> [WHAT IS BEING ASKED]
Copy task, pictures excluded: set down exactly the lines from the one containing "Những màn đụng" to the end of the data below.

> [INFORMATION SHOWN]

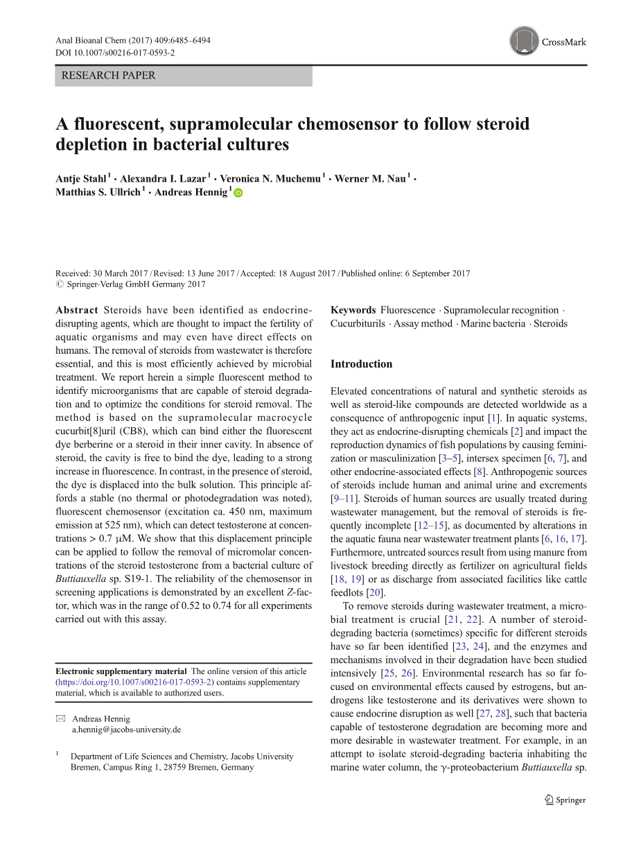类固醇已被确定为内分泌干扰剂,这被认为会影响水生生物的生育,甚至可能对人体有直接影响。因此, 去除废水中的类固醇是必不可少的, 这是最有效的微生物处理的实现。我们在此报告的简单荧光的方法来鉴定能够降解类固醇的微生物,并优化类固醇去除的条件。该方法是基于超分子葫芦[8]脲 (CB8), 它可以结合其他荧光染料黄连素或它们腔内的胆固醇。在不存在类固醇的情况下,腔体可以自由地和染料结合,导致荧光的强烈增加。相反,在激素的存在,染料转移到本体溶液。这一原理提供了一个稳定的(无热或光降解)荧光化学传感器(激发约450 nm,最大发射波长为525 nm),它可以检测睾酮浓度gt; 0.7mu;M. 我们发现,这种位移原理可以应用于类固醇睾酮的摩尔浓度的去除从细菌培Buttiauxella
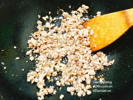 - Bước 3: Đặt chảo lên bếp cùng với 1-2 thìa dầu ăn, đun cho chảo nóng thì cho tỏi băm vào phi cho thơm sau đó cho thịt băm vào xào, đảo đều cho thịt tơi ra và có mùi thơm.
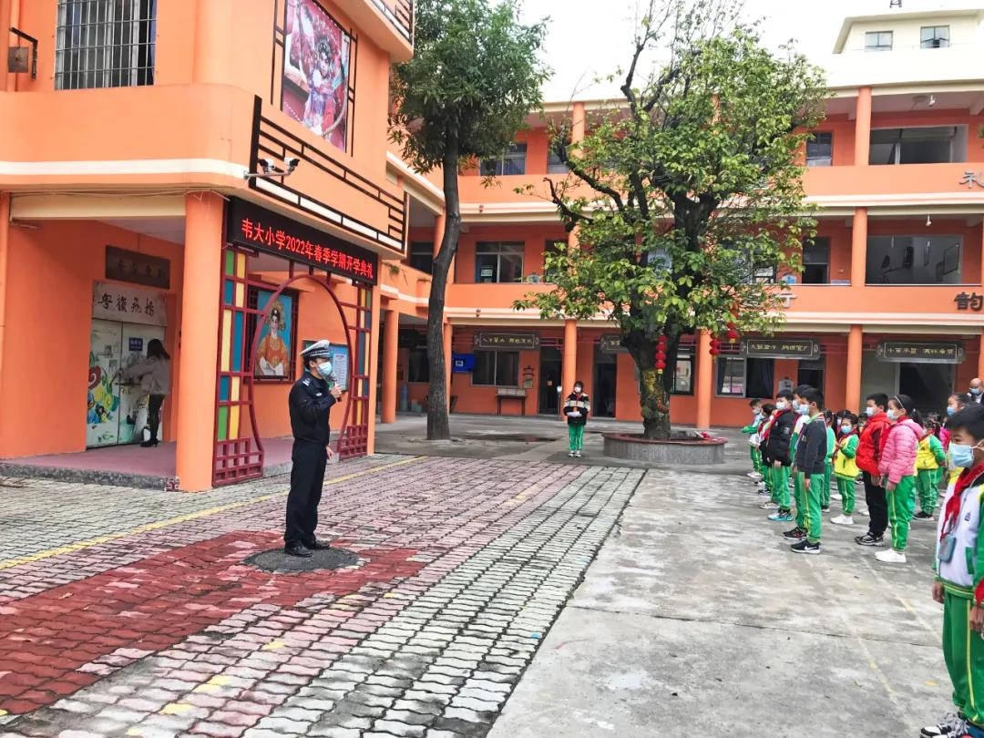 升旗仪式后,来自广州市公安局番禺分局交警大队(九中队)的警官为同学们带来法治安全教育。随后,各班组织学生开展开学第一课。
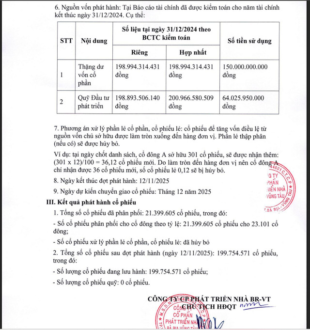 Nguồn vốn phát hành gồm 150 tỷ đồng thặng dư vốn cổ phần và64 tỷ đồng từ quỹ đầu tư phát triển. Tỷ lệ thực hiện quyền là 100:12, tức cổđông sở hữu 100 cổ phiếu sẽ được nhận 12 cổ phiếu mới phát hành. Cổ phiếu khôngbị hạn chế chuyển nhượng.
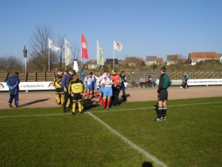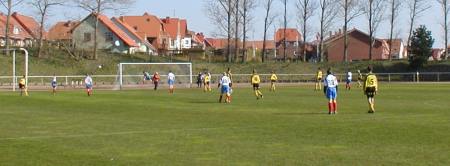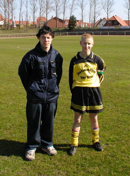 (gre)Bei strahlendem Sonnenschein kam der Tabellenletzte der Bezirksliga zum fälligen Punktspiel ins Warener Müritzstadion. Unsere C-Junioren wollten nach den letzten guten Leistungen einen klaren Sieg folgen lassen. Von Beginn an sollte das Tor des Gegners ins Visier genommen werden. Die guten Vorsätze konnten aber nicht in die Tat umgesetzt werden. Im Hinterkopf der Spieler war wohl doch eine Unterschätzung des Gegners vorhanden. Fehlender Kampfgeist und spielerische Mängel bei fast jedem Spieler ließen keinen Spielfluß aufkommen. Dass es trotzdem zu guten Chancen kam, war dann der sehr geringen Gegenwehr der Gäste zuzuschreiben. Der sonst so treffsichere Christopher Kowatsch tauchte dreimal freistehend vor dem Torwart auf, konnte den Ball aber nicht im Kasten unterbringen. Ein strammer Schuß von Tino Neue aus 15 m Entfernung brachte das 1:0. Einzig Thomas Fiedel konnte seine Leistungsstärke unter Beweis stellen. Seine Sprints auf der rechten Seite brachten immer Gefahr für das gegnerische Tor. So fiel auch das 2:0 nach einem zielstrebigen Sprint und konzentriertem Abschluß durch Thomas Fiedel.
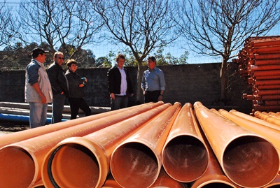 O prefeito Gilberto Comazzetto esteve no pátio da Fundema verificando as tubulações, juntamente com Pavelski e a secretária de Infraestrutura, Denise Chiarello. Ele comenta que o objetivo é deixar a rua preparada, sem que precise de reparos posteriores. “A segunda etapa de todo este novo programa é sem dúvida fazer as redes de tratamento, mas o custo é alto e precisamos analisar o orçamento de 2014 para poder dar início. No entanto o que estamos fazendo é deixar a rede de esgoto pronta nas ruas que estão no sistema caução, e isso sem dúvida otimiza os recursos públicos, pois elimina futuras obras em um asfalto novo que já está pronto”, declara o prefeito.
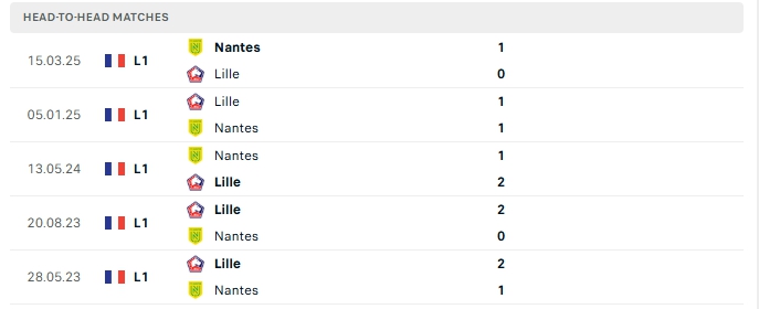 Những màn đụng độ giữa Nantes và Lille thường diễn ra chặt chẻ với ít bàn thắng được tạo ra, cụ thể ở 3/5 lần gặp nhau gần nhất của hai đội và 4/5 lần đón tiếp Lille trên sân của Nantes khép lại không quá 2 bàn thắng.
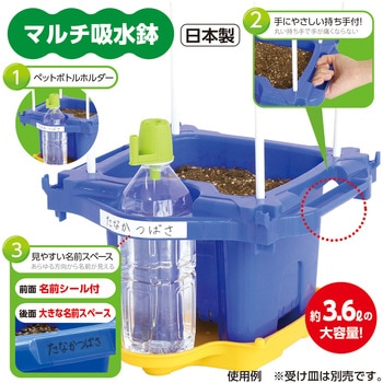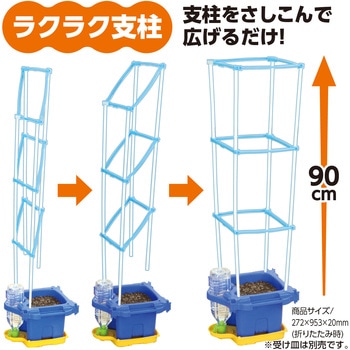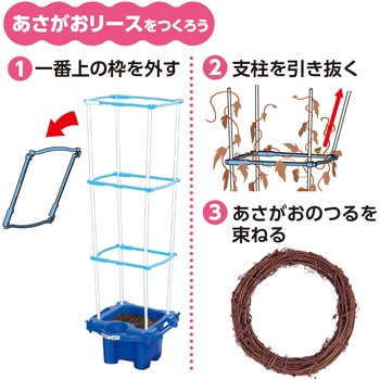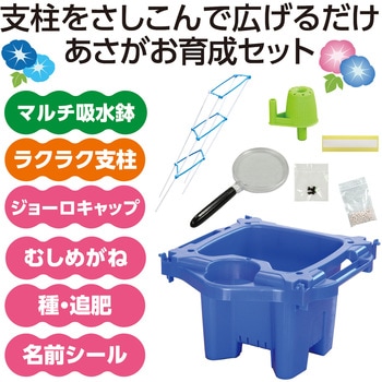 セット内容ラクラク支柱×1、マルチ給水鉢×1、マルチ給水ジョーロキャップ×1、虫めがね 小 クリップ付×1、名前シール×1、あさがおのたね(6粒入)×1、追肥(10g)×1材質PP、PMMA、ABS他寸法(mm)ラクラク支柱:272×935×20、マルチ給水鉢:285×275×170内容量1個

> [RESPONSE TO THE TASK]
 Những màn đụng độ giữa Nantes và Lille thường diễn ra chặt chẻ với ít bàn thắng được tạo ra, cụ thể ở 3/5 lần gặp nhau gần nhất của hai đội và 4/5 lần đón tiếp Lille trên sân của Nantes khép lại không quá 2 bàn thắng.
 セット内容ラクラク支柱×1、マルチ給水鉢×1、マルチ給水ジョーロキャップ×1、虫めがね 小 クリップ付×1、名前シール×1、あさがおのたね(6粒入)×1、追肥(10g)×1材質PP、PMMA、ABS他寸法(mm)ラクラク支柱:272×935×20、マルチ給水鉢:285×275×170内容量1個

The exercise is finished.